Но вернемся в наш день. Я пил чай на кухне. В одной руке был бутерброд с сыром, перед глазами книга, естественно, что-то вроде популярной физики. За четыре года я скатился до непонятной литературы, в которой убедительно, а главное увлекательно писалось о какой-нибудь ахинее, которой настоящие ученые побрезговали бы уделить свое драгоценное время. Глаза мои бегали по строчкам, но мозг отказывался фиксировать информацию. За окном было совершенно темно, приближался самый короткий день. Я не любил это время года – тоскливое, депрессивное. Ночь наступает, поглощая свет все больше день за днем. Людям не хватает света, они с тоской смотрят на серое небо, которое и без того зимой постоянно пасмурное. Но остается надежда на изменения к лучшему. Вечная Ночь достигнет своего наибольшего могущества, чтобы в итоге переродиться и подарить миру Вечный День, который в свою очередь тоже через полгода переродится в свою противоположность. Этот нехитрый цикл двигает мир вперед, словно катится колесо времени. Только никто не знает, что все же является первопричиной: день меняет ночь, потому что изменяется время, или же время мы ощущаем, потому что существуют вечные изменения. Если остановить всякое движение в точке абсолютного нуля, остановиться ли время?
Конечно, с такими мыслями популярная книга не читается. Я отложил ее, сначала просто бросил на столе, а затем поставил на полку. Вряд ли в ближайшие дни я ее открою, лучше уж пялиться в телевизор. Сборы на работы занимали у меня всегда одинаковое время: сложить тормозок в рюкзак, взять с полки ключи от квартиры, пересчитать в кармане мелочь, обуться, накинуть верхнюю одежду и вперед. До работы мне было около часа езды на троллейбусе. Ехать приходилось от конечной до конечной, практически через весь город. Хорошо, если удавалось усесться на своей остановке, тогда можно было немного покемарить, но чаще приходилось ехать стоя, толкаясь с такими же работягами, как я, мечтающих доспать на мягком сидении.
В тот день, как обычно я ехал стоя, получая время от времени удары локтями от своих соседей по несчастью. За окном было темно, проносились какие-то огни, угадывались силуэты домов и построек. Я прикрыл глаза.
– Костя! Костя, ты что спишь, – кто-то тряс меня за плечо.
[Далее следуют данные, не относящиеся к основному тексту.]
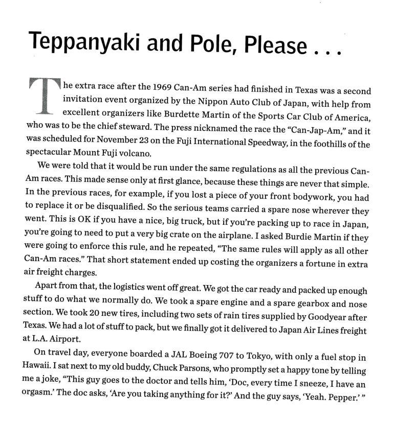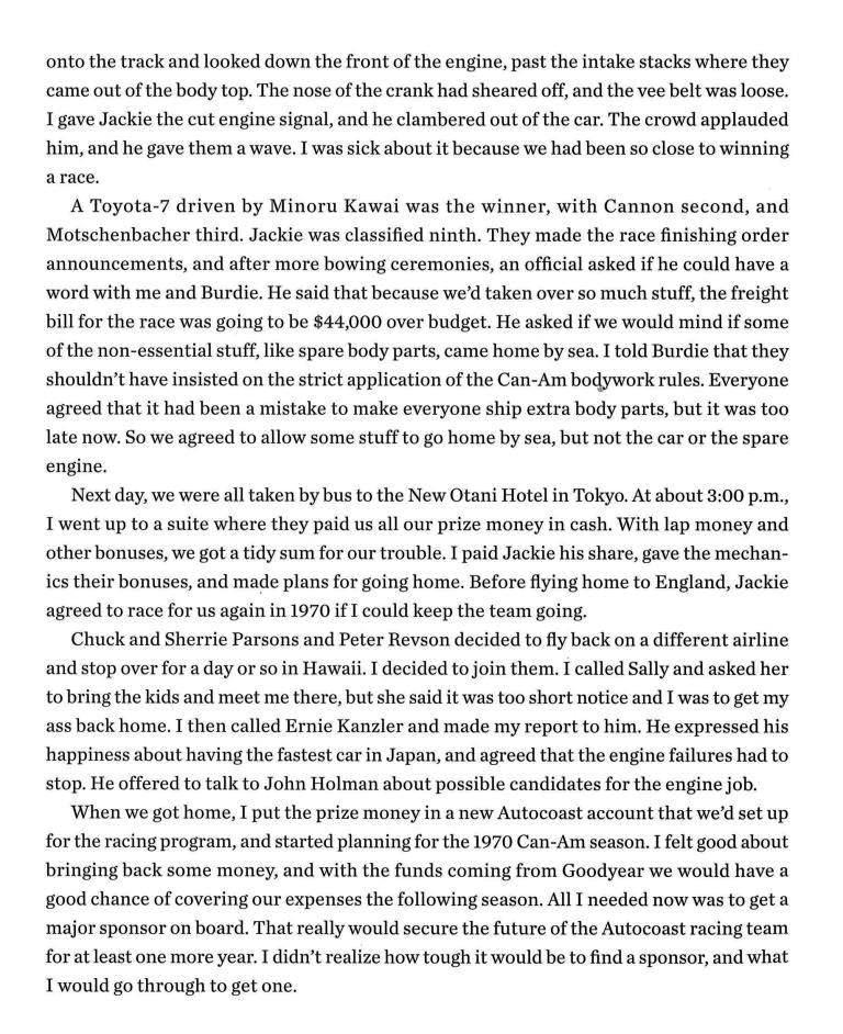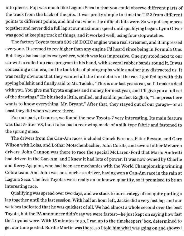 As if to underline its rapid development, the fastest Toyota in qualifying was that driven by Minoru Kawai. He was third, ahead of Revson, Cannon, and Parsons, while Oliver took pole in the Ti22. The Ti22 appeared late in the 1969 Can-Am championship, but quickly proved a serious rival for the dominant McLaren team. Impressively, second fastest at Mt Fuji was the Toyota/McLaren M12, driven by Hiroshi Fushida, just 2-tenths slower than Oliver. Come the race, Kawai won, from Cannon and Motschenbacher, after the Ti22 dropped out.
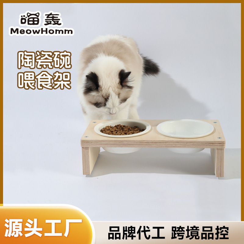 猫碗批发定制宠物陶瓷高腳双碗水粮一体碗防打翻猫喂食架高脚猫咪스토어 가기
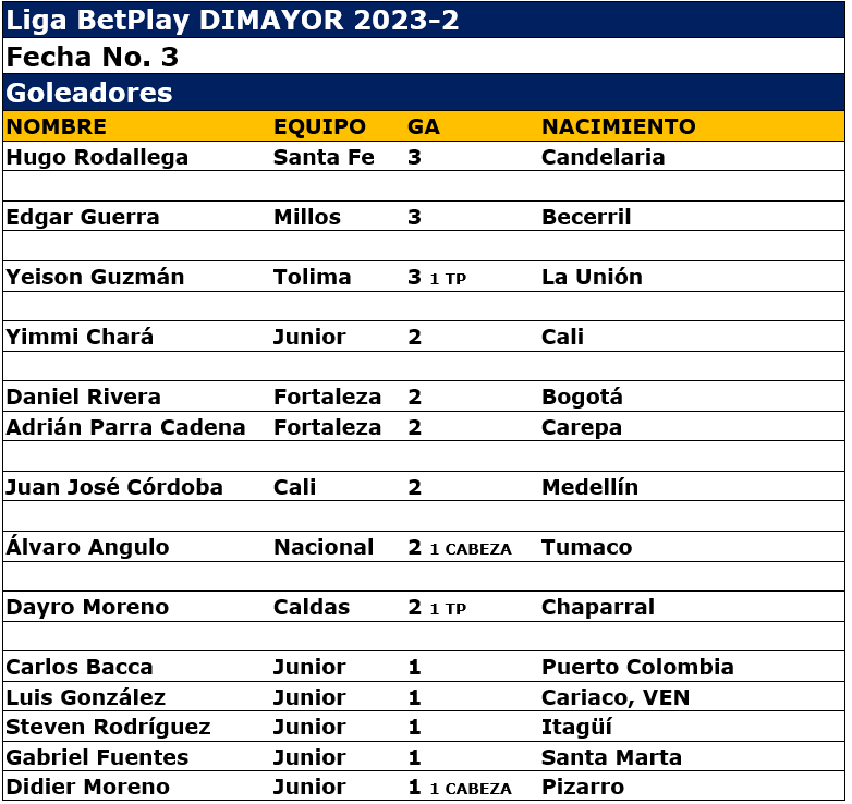 Goleadores, 1º Rodallega, Guerra y Guzmán
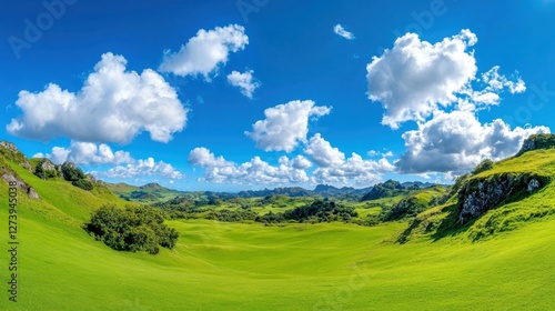© AZ Studio, Fototapeta premium Scenic view of rolling green hills under a bright blue sky with fluffy clouds during the daytime
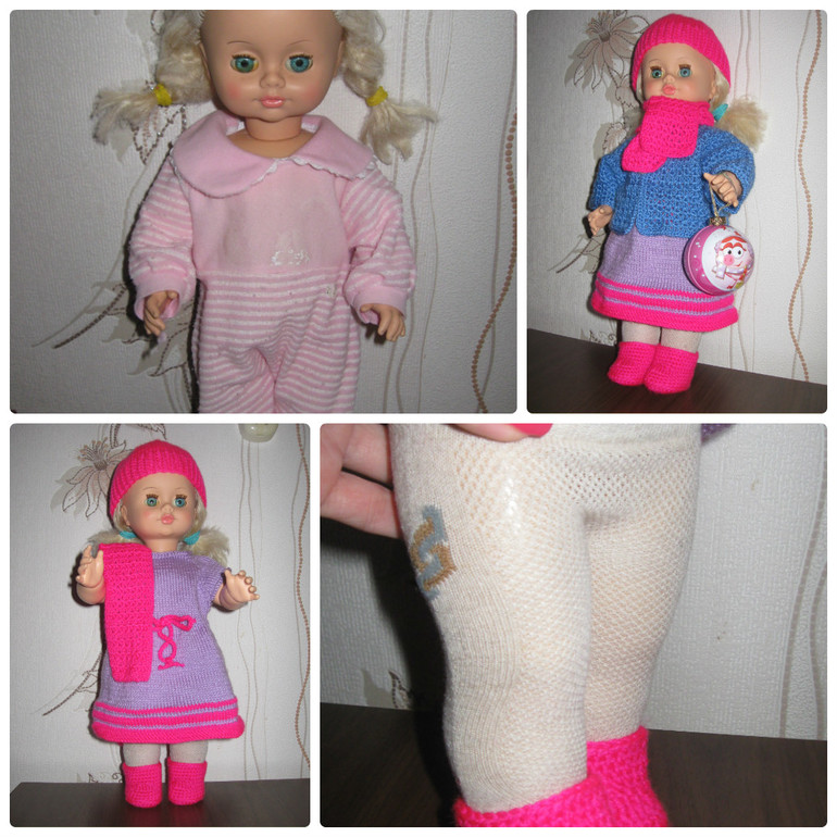 Платье на молнии сзади. Курточка на пуговках. Колготы из носка. Старую одежку в топку)
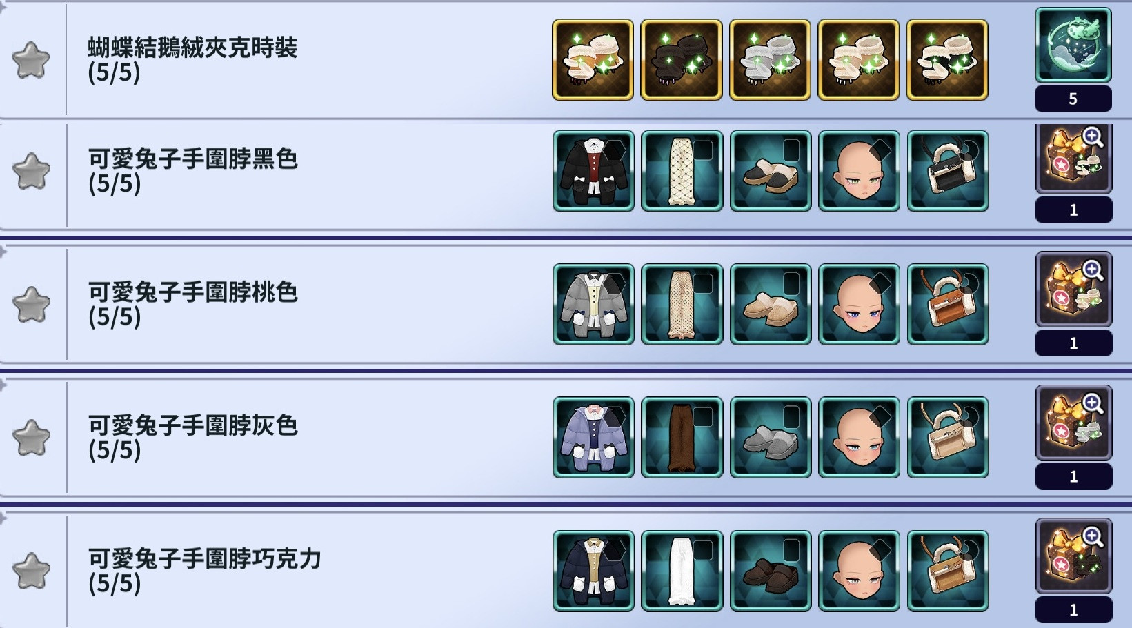 - 獲得符合每個收集獎勵的時裝,當符合條件時,就可以獲得收集獎勵。
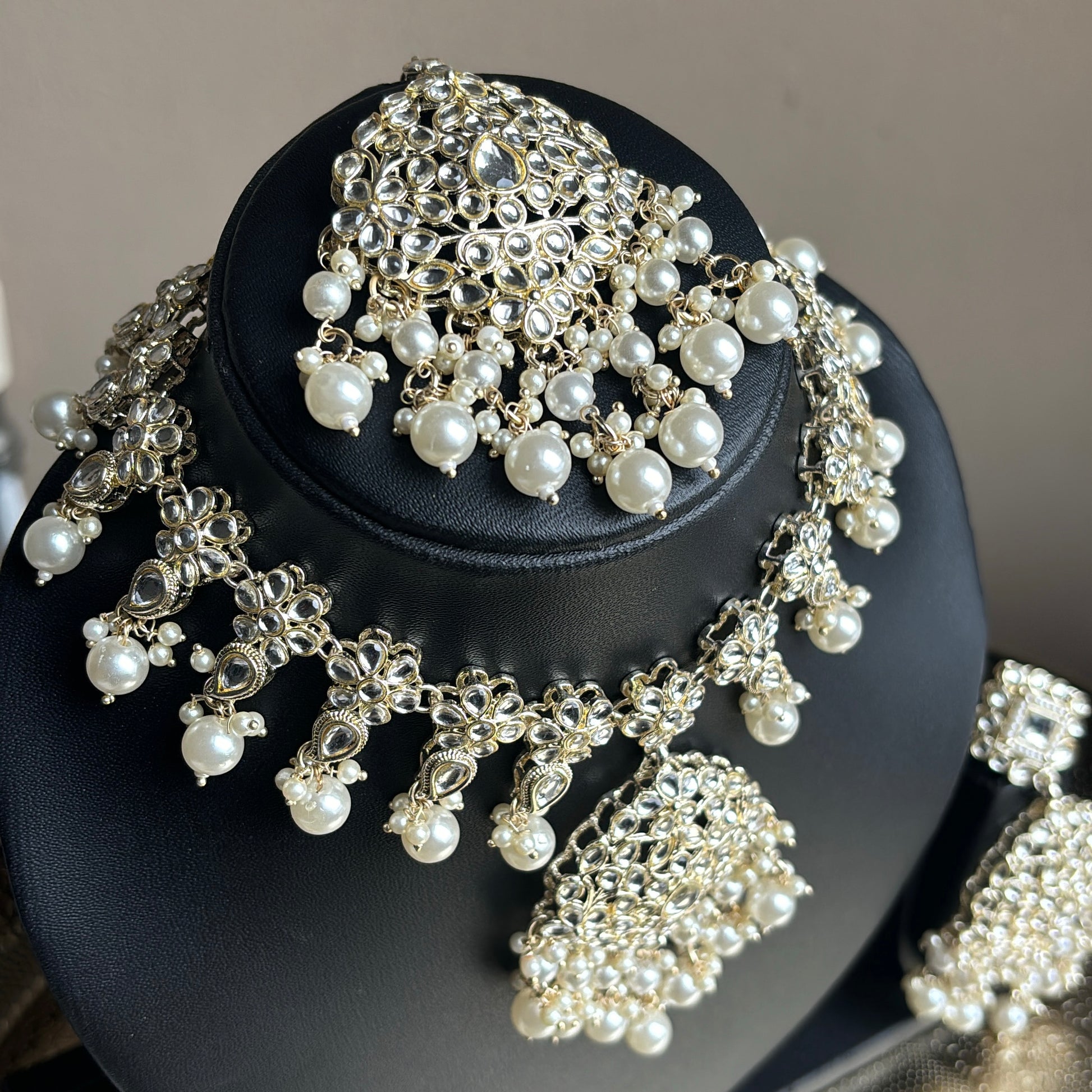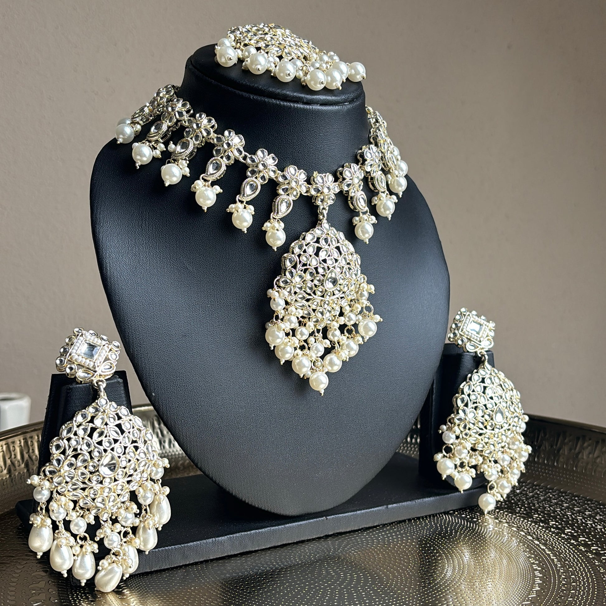 Trending statement kundan short necklace/choker with matching statement earrings and tikka
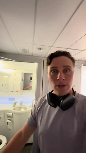 «Как это круто?» — восклицает создатель контента, распахивая одну из дверей, чтобы показать туалет, который, несмотря на свое необычное расположение, имеет довольно стандартные размеры для самолета.
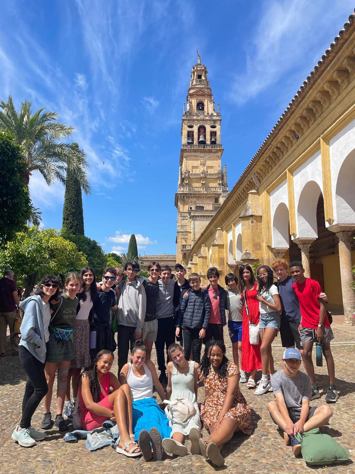 A group of people pose for a photo in front of a historic bell tower and arches, with a blue sky and palm tree in the background.
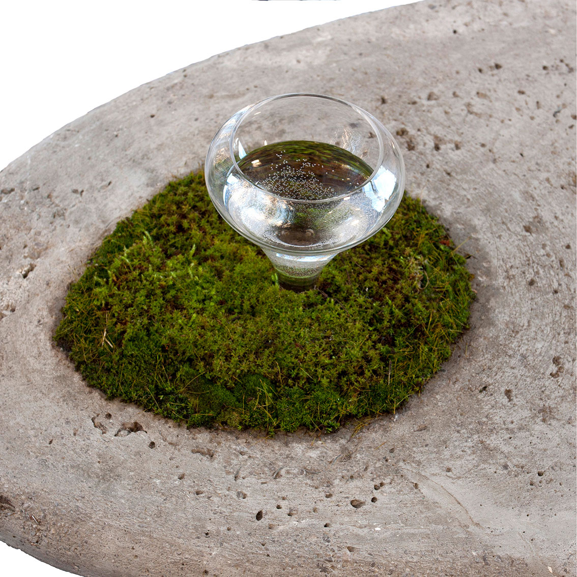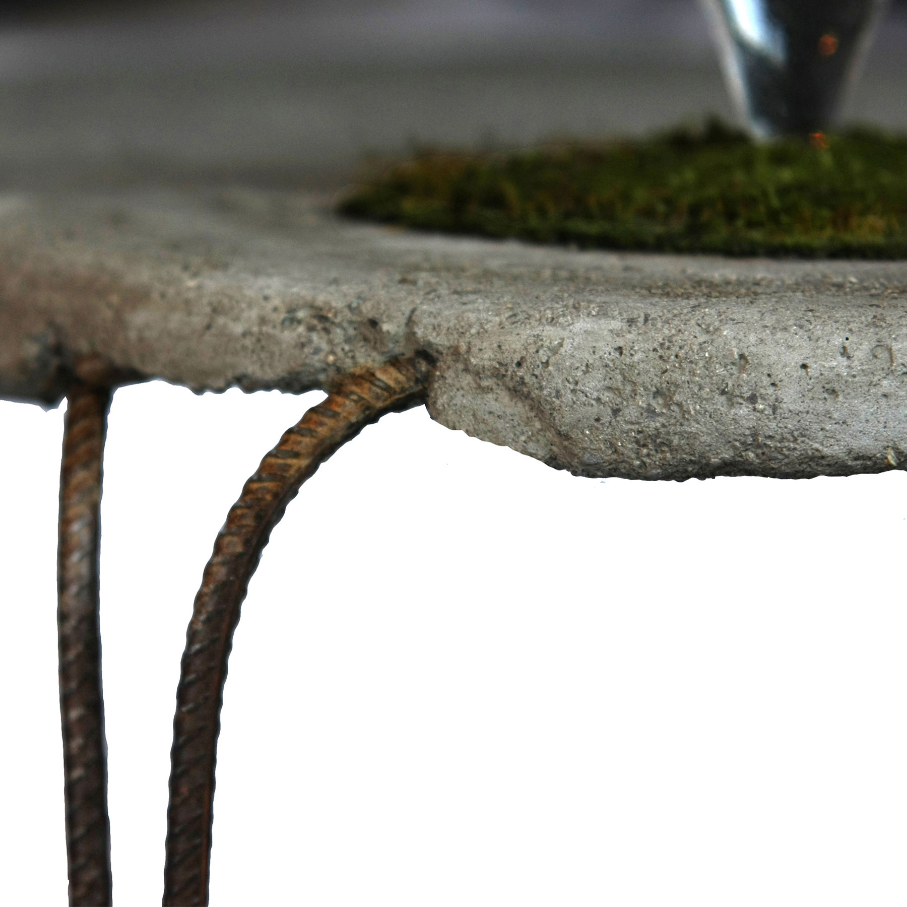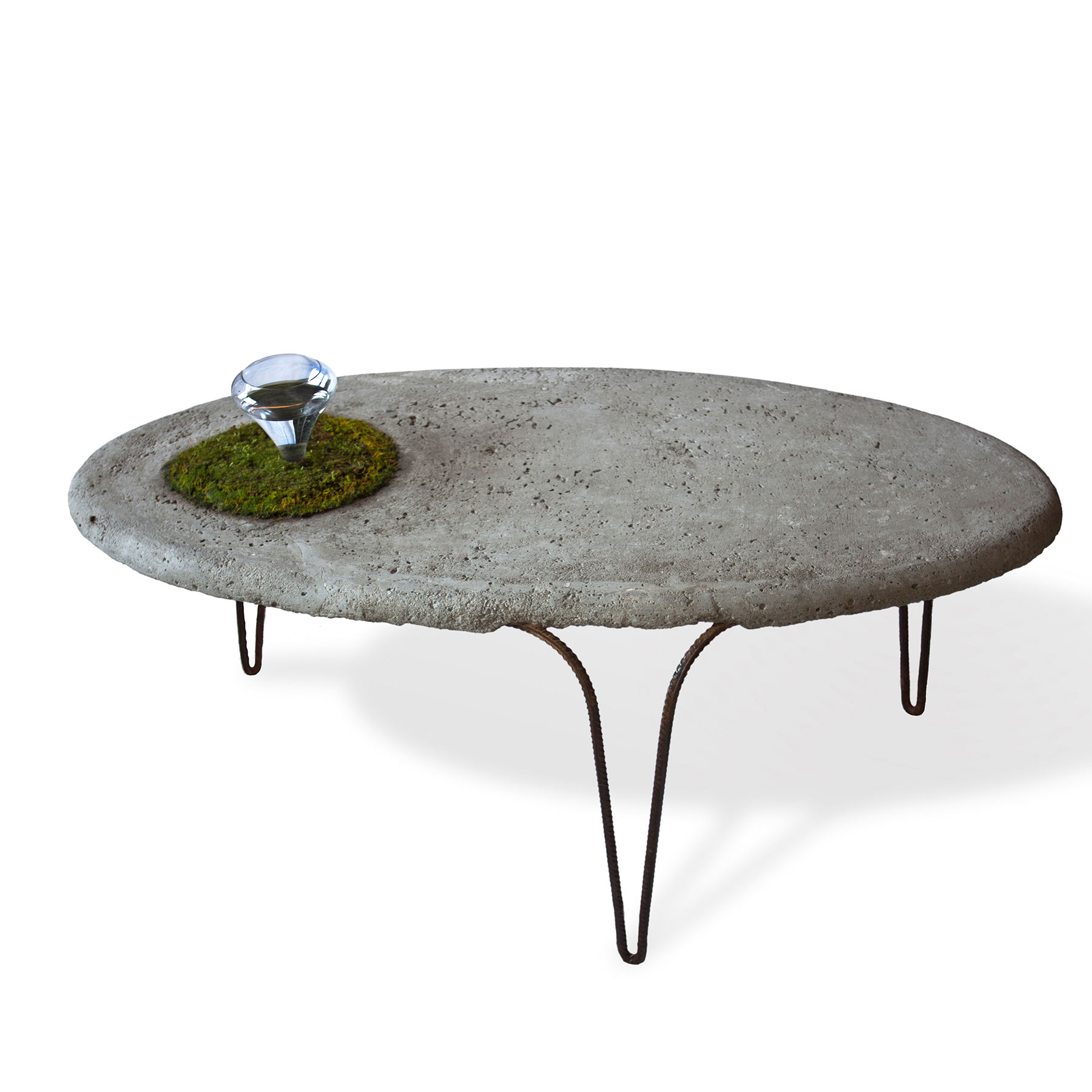 Stolár vytvoril androgýnny objekt, ktorý symbolizuje komunikáciu medzi mužom a ženou. Konštrukcia stolíka totiž spája mužský a ženský princíp spôsobom kombinovania mäkkých eliptických foriem so surovosťou pôvodných stavebných – outdoorových a prírodných materiálov, ako aj hotových predmetov. Mach a sklenený dekandér, ktoré sa nachádzajú v jednom ohnisku elipsy stolíka, sú navzájom unikátne prepojené – dekandér slúži na jeho zavlažovanie.
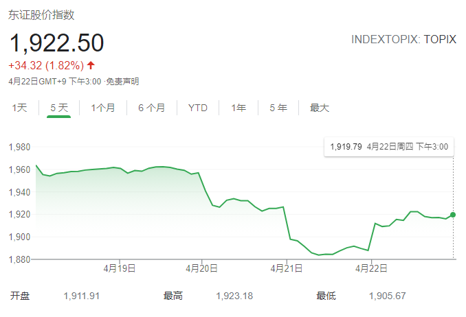 受此消息鼓舞,周四日股强劲反弹,日本东证指数收涨1.8%,报1922.5点,日经225指数收涨2.4%,报29188.17点。
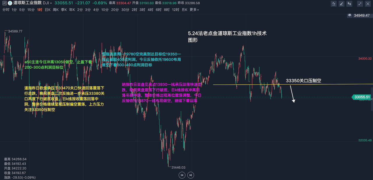 道指昨日欧盘承压于33470关口快速回落震荡下行走跌,晚间美盘二次反抽进一步承压33380关口再度下行破底收盘,日k线报收震荡回落中阴,整体价格继续呈现压制偏空震荡,目前日线级别短中期技术指标有死叉向下趋势,今日亚盘价格再度延续回落走跌,日内还有进一步下行破底预期,今日上方短线压力关注33350一线压制,日内反抽依托此位置继续主空再看回落,短期价格有望进一步回落下行试探前期日线级别双底33000整数关口,今日反抽主空看破底,纳指昨日亚盘见高点13930一线承压回落快速走跌,晚间美盘震荡下行破底,日k线报收冲高回落吊颈中阴,整体价格出现高位震荡调整,今日亚欧盘反抽依托13870一线先行做空下看延续回落,下方短线支撑关注13550-13600附近,整体围绕13550-13850区间看多空宽幅震荡运行,中间位置一律多看少动谨慎追单,耐心等待关键点位进场,具体操作策略我会在盘中提示,及时关注。
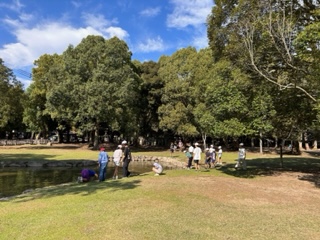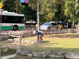 池で生き物を探したり、水切りしたりして遊んでいます。
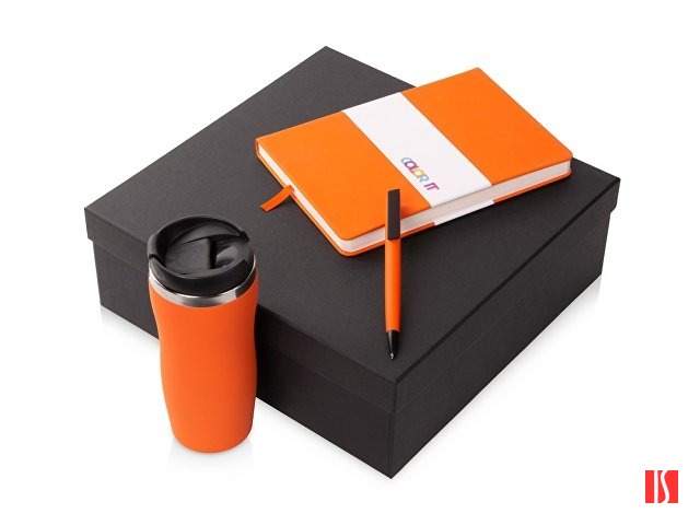 Подарочный набор c блокнотом С3, ручкой и термокружкой Mony Steel, оранжевый
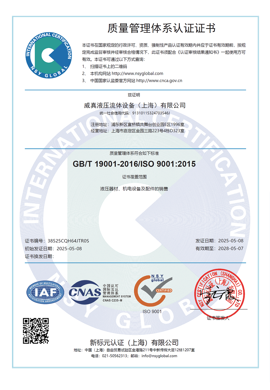 • 威真液壓已完成ISO9001質量體認證

Нет, я не спал, хотя…– Ну ты даешь, спать стоя – это надо еще суметь. – Голос был мне знаком.
– Привет, Ольга.
– А я смотрю на тебя и думаю, то ли спит, то ли видеть не хочет, – она улыбнулась.
Я тоже улыбнулся в ответ. Искренним людям всегда хочется отвечать взаимностью. Ольга была на три года младше меня, но мне на зависть училась в единственном институте нашего городка. Не беда, что это не университет, а скромный пед, для меня и это сейчас уже казалось достижением. Я знал Ольгу уже пару лет, она была примером для подражания. Аккуратная, жизнерадостная, источающая позитив. У нее были правильные, но не очень красивые черты лица, иногда она кривила рот при серьезном разговоре. Она была невысокого роста с широкими бедрами и небольшой грудью. Внешность ее была далека от канонических пропорций красоты, но эти недостатки при близком знакомстве просто становились незаметными, благодаря ее обаянию, ее энергетике. Я всегда был рад ее видеть, хотя лучше бы сейчас я спал. Я предвкушал неприятный разговор. Бывает же так, что и человека рад видеть, а говорить с ним не о чем. Говорить с Ольгой, разумеется, было о чем, но говорить мне не хотелось.